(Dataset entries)
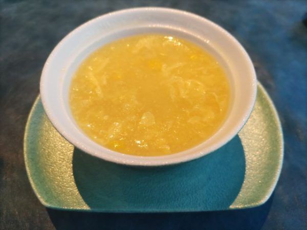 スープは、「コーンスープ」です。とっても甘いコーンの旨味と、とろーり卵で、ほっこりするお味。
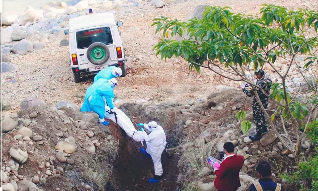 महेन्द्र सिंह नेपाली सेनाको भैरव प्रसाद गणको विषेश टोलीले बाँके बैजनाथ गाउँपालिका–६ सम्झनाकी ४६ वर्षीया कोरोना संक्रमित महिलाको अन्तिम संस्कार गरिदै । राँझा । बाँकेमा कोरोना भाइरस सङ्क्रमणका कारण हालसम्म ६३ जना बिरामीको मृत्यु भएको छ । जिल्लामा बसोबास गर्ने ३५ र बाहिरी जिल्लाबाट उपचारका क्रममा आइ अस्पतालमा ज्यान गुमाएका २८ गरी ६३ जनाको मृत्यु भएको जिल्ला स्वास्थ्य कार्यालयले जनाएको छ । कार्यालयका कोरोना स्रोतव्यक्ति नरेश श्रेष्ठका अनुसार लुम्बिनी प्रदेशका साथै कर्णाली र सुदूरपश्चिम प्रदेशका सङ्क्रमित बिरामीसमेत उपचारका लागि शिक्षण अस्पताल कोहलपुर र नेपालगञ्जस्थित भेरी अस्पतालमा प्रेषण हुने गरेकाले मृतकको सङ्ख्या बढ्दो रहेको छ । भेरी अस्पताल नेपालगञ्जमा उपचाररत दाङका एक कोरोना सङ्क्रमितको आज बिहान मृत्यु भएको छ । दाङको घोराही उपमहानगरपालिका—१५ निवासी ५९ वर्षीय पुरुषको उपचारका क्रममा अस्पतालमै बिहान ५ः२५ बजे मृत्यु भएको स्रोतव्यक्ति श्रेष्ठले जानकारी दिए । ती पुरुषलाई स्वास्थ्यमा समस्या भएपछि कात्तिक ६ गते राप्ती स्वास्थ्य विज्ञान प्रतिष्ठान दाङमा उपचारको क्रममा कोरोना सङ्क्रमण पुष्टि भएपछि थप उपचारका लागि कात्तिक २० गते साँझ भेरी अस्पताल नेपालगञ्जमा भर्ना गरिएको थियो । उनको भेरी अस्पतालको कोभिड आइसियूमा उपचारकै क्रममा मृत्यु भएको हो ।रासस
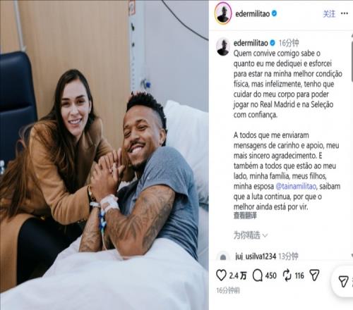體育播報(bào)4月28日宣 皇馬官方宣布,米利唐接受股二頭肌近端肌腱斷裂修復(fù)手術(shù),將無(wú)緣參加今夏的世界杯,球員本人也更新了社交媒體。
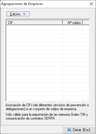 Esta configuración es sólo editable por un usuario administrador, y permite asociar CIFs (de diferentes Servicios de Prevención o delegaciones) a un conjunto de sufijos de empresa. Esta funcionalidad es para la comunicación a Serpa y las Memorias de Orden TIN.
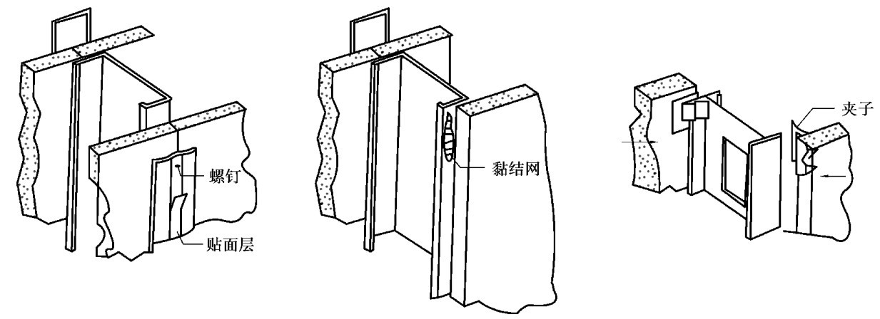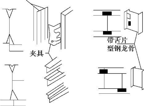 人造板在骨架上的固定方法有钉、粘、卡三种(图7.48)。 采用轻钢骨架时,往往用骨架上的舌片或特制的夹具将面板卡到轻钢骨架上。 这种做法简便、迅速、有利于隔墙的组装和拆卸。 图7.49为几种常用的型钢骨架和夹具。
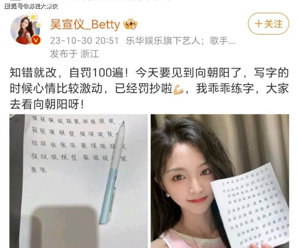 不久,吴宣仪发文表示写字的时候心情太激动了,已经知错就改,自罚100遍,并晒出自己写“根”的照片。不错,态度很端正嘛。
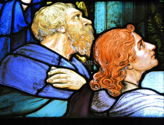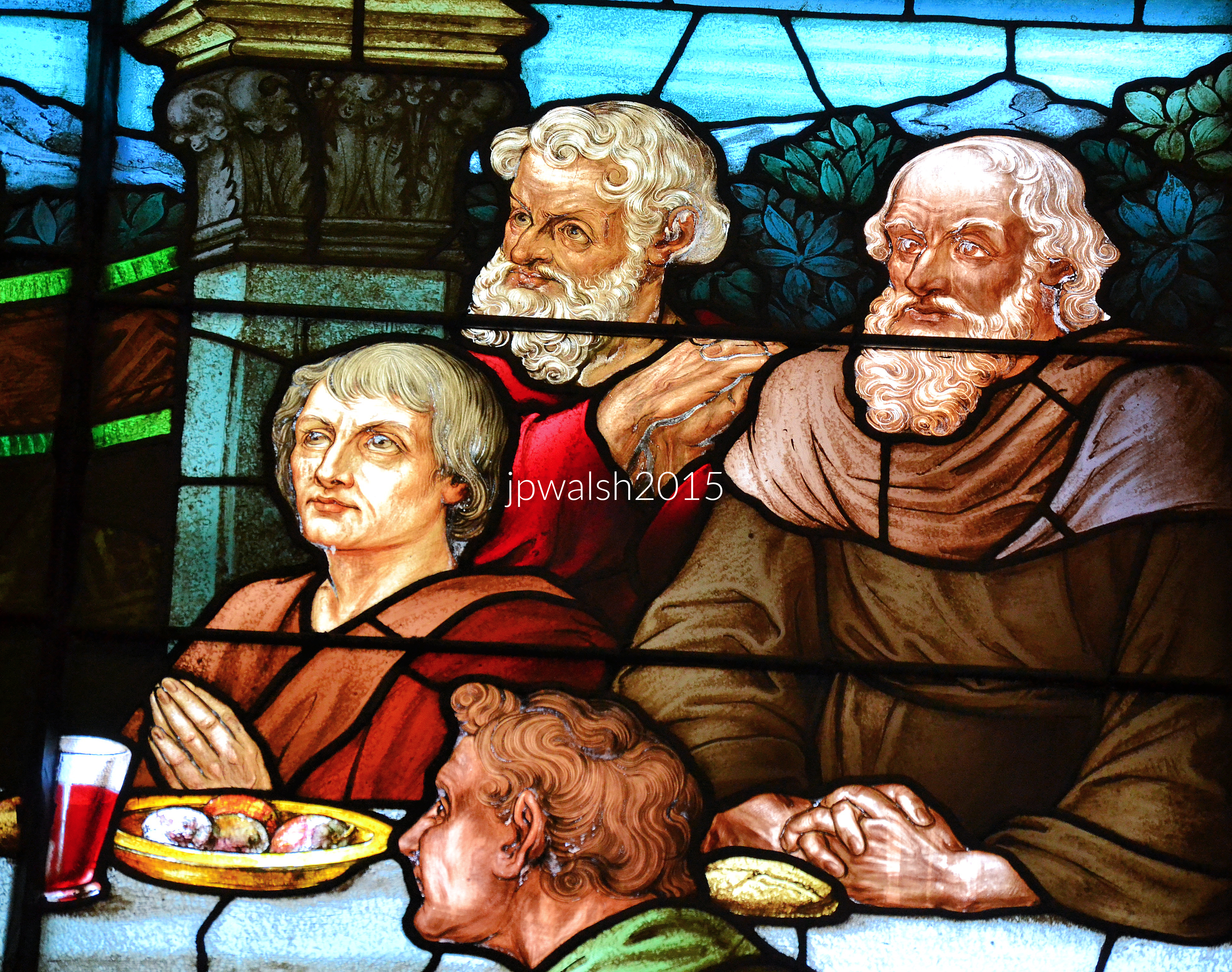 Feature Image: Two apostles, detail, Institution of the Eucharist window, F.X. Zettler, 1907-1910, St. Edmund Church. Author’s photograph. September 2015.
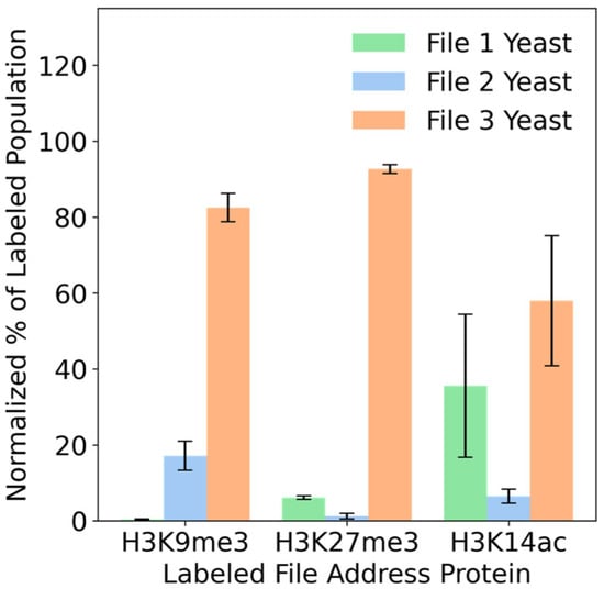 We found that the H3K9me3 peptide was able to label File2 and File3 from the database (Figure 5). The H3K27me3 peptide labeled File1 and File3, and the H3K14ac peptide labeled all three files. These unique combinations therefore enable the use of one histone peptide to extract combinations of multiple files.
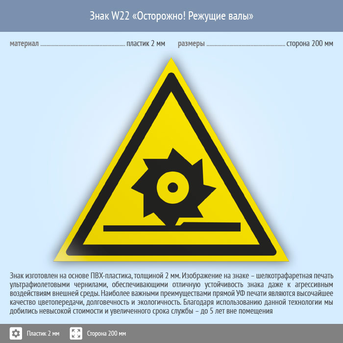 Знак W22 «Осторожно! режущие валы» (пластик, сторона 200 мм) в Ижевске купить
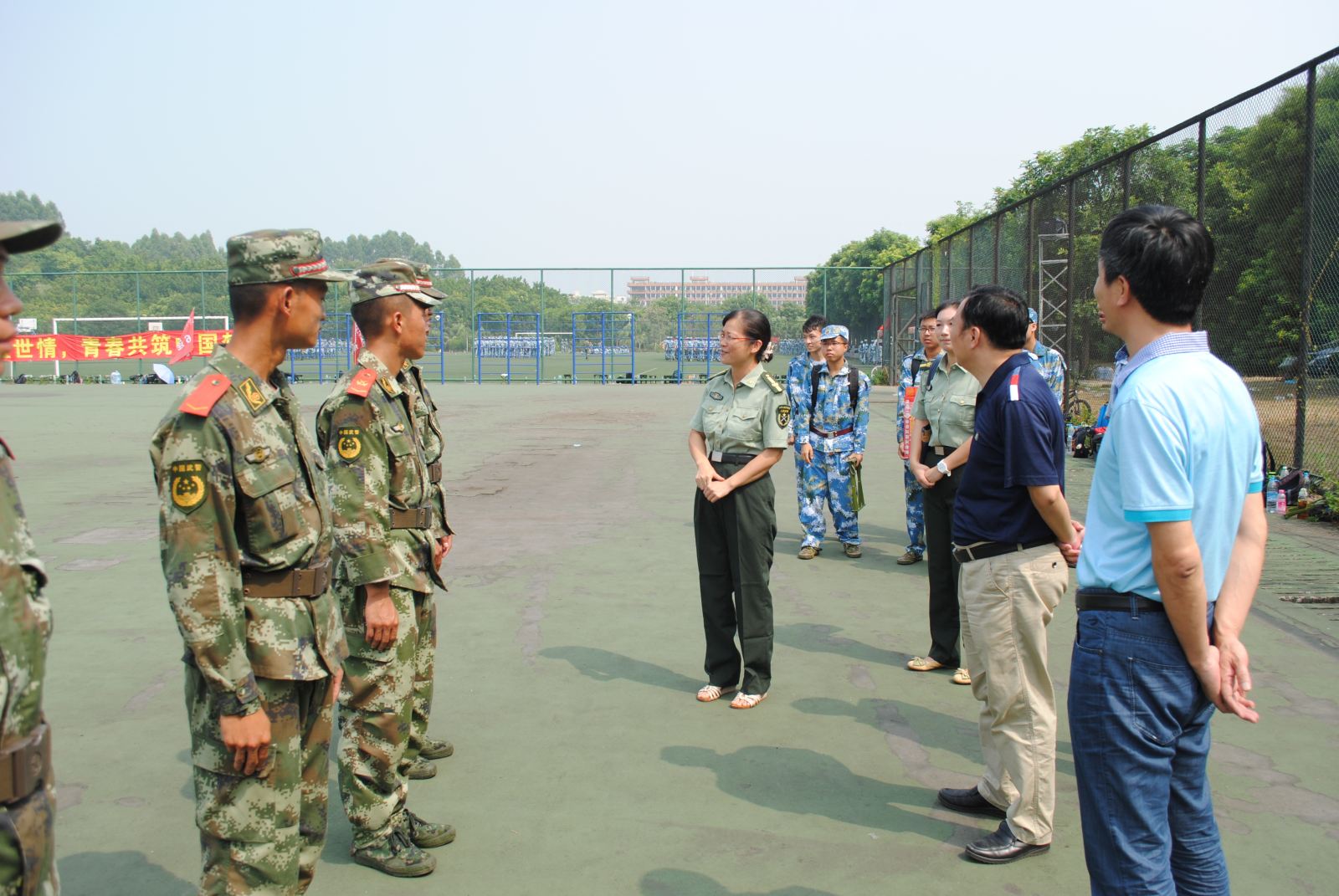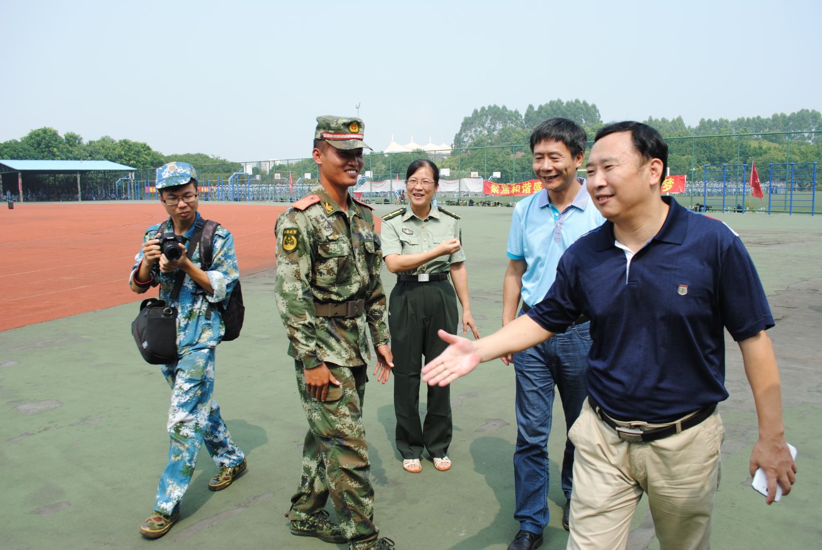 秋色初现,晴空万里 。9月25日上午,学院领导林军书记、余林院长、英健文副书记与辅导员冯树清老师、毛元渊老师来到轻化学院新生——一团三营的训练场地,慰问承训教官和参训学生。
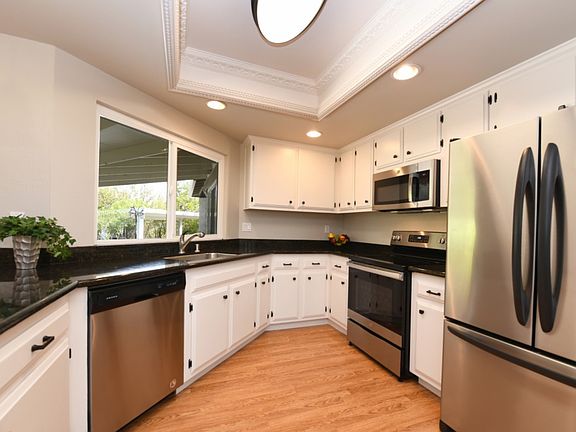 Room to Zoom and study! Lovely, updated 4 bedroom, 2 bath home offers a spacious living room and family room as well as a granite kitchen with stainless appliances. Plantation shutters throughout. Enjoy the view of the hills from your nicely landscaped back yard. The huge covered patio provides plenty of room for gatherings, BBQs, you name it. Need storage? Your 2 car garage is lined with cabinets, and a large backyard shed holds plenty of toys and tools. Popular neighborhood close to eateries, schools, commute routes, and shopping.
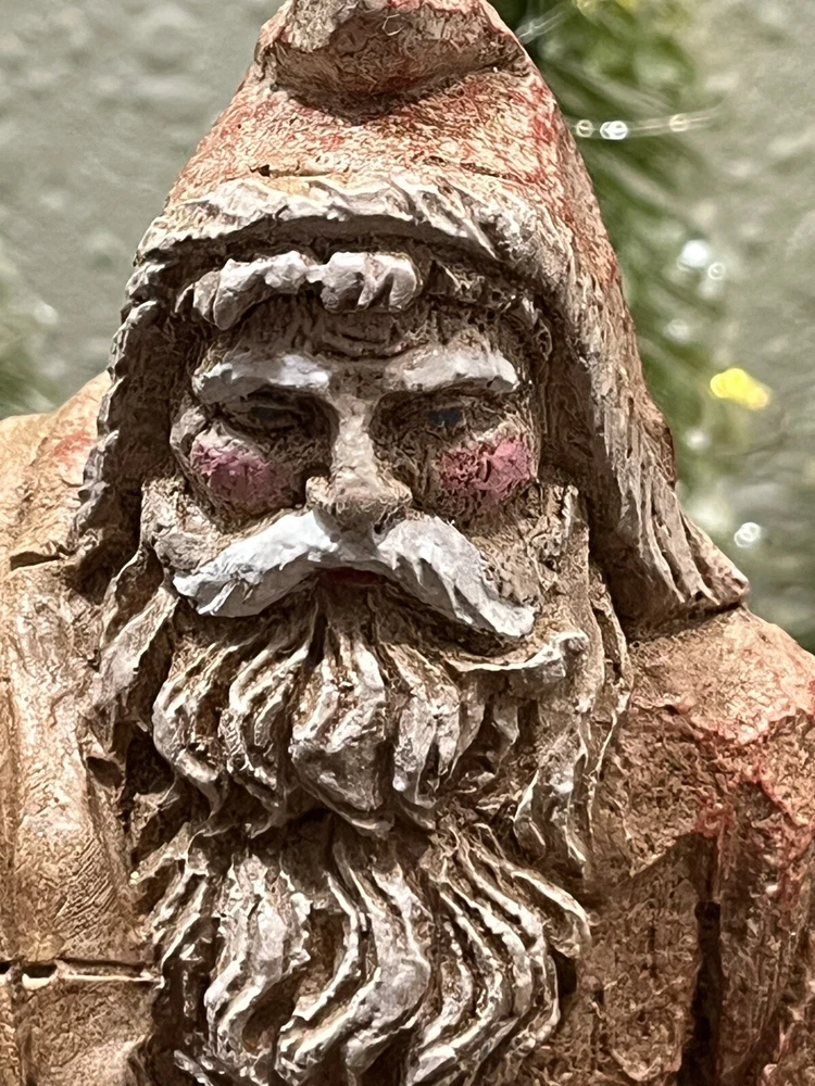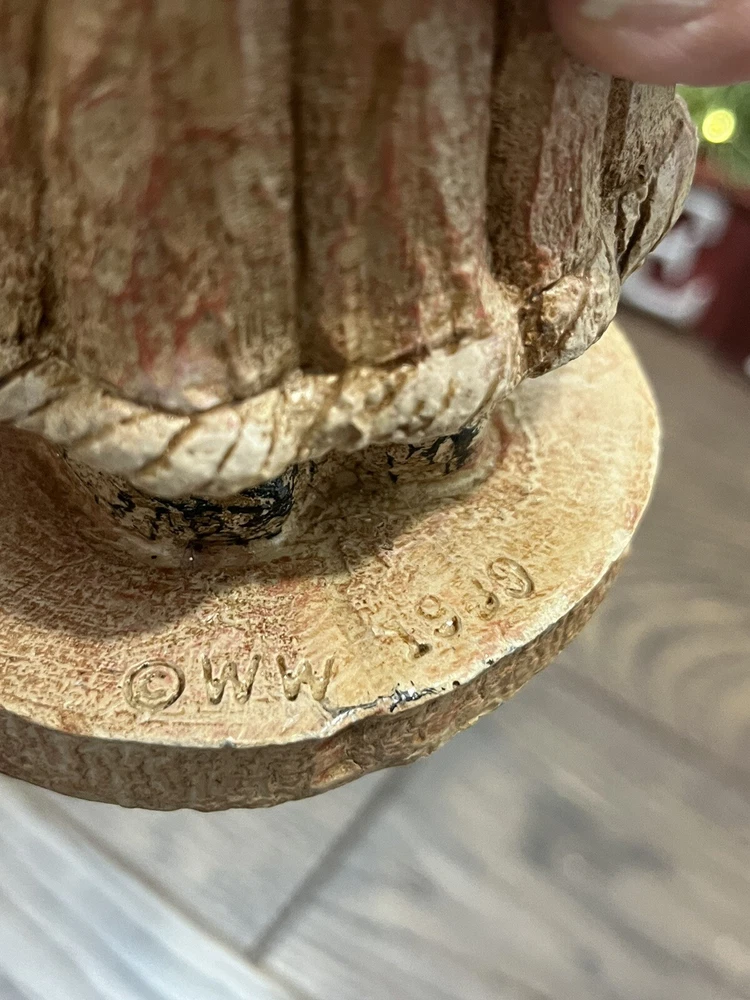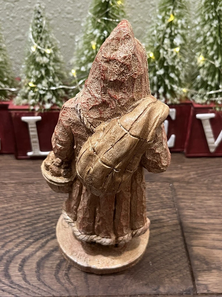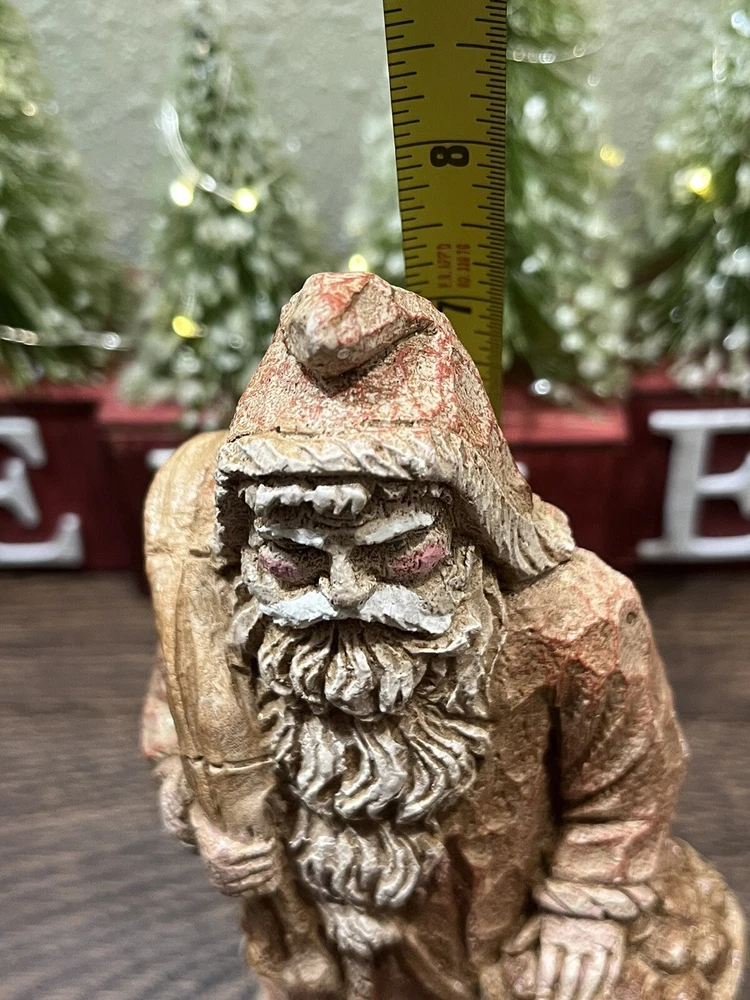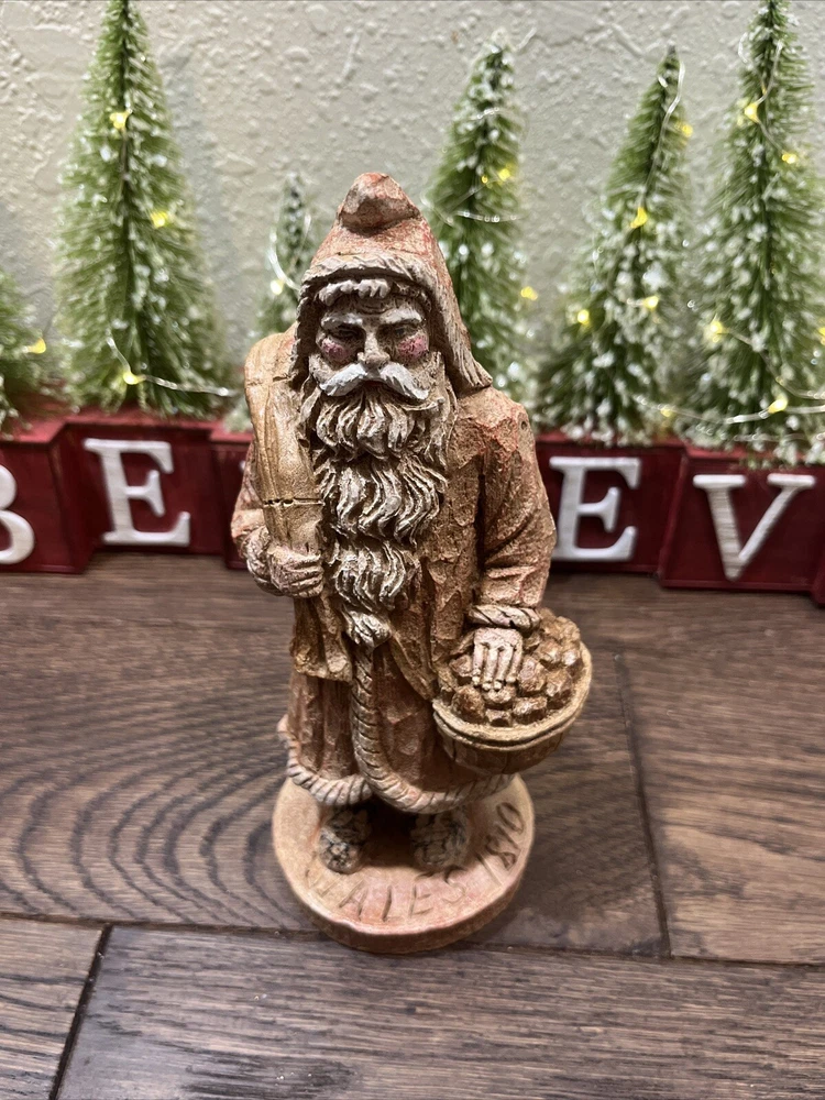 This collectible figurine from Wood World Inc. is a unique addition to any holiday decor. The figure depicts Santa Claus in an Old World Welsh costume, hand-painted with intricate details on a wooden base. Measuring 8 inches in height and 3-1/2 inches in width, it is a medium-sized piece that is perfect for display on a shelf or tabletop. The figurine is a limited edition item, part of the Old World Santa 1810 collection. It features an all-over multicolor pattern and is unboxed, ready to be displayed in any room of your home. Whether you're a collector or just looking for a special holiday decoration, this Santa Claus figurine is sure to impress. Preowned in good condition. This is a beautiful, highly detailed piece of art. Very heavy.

-- Exercise directions --
Using the entries above, extract exactly the lines from the one that contains "體育播報(bào)4月28日" through the one that contains "Feature Image: Two". Do not carry over any pictures.

-- Exercise solution --
體育播報(bào)4月28日宣 皇馬官方宣布,米利唐接受股二頭肌近端肌腱斷裂修復(fù)手術(shù),將無(wú)緣參加今夏的世界杯,球員本人也更新了社交媒體。
 Esta configuración es sólo editable por un usuario administrador, y permite asociar CIFs (de diferentes Servicios de Prevención o delegaciones) a un conjunto de sufijos de empresa. Esta funcionalidad es para la comunicación a Serpa y las Memorias de Orden TIN.
 人造板在骨架上的固定方法有钉、粘、卡三种(图7.48)。 采用轻钢骨架时,往往用骨架上的舌片或特制的夹具将面板卡到轻钢骨架上。 这种做法简便、迅速、有利于隔墙的组装和拆卸。 图7.49为几种常用的型钢骨架和夹具。
 不久,吴宣仪发文表示写字的时候心情太激动了,已经知错就改,自罚100遍,并晒出自己写“根”的照片。不错,态度很端正嘛。
 Feature Image: Two apostles, detail, Institution of the Eucharist window, F.X. Zettler, 1907-1910, St. Edmund Church. Author’s photograph. September 2015.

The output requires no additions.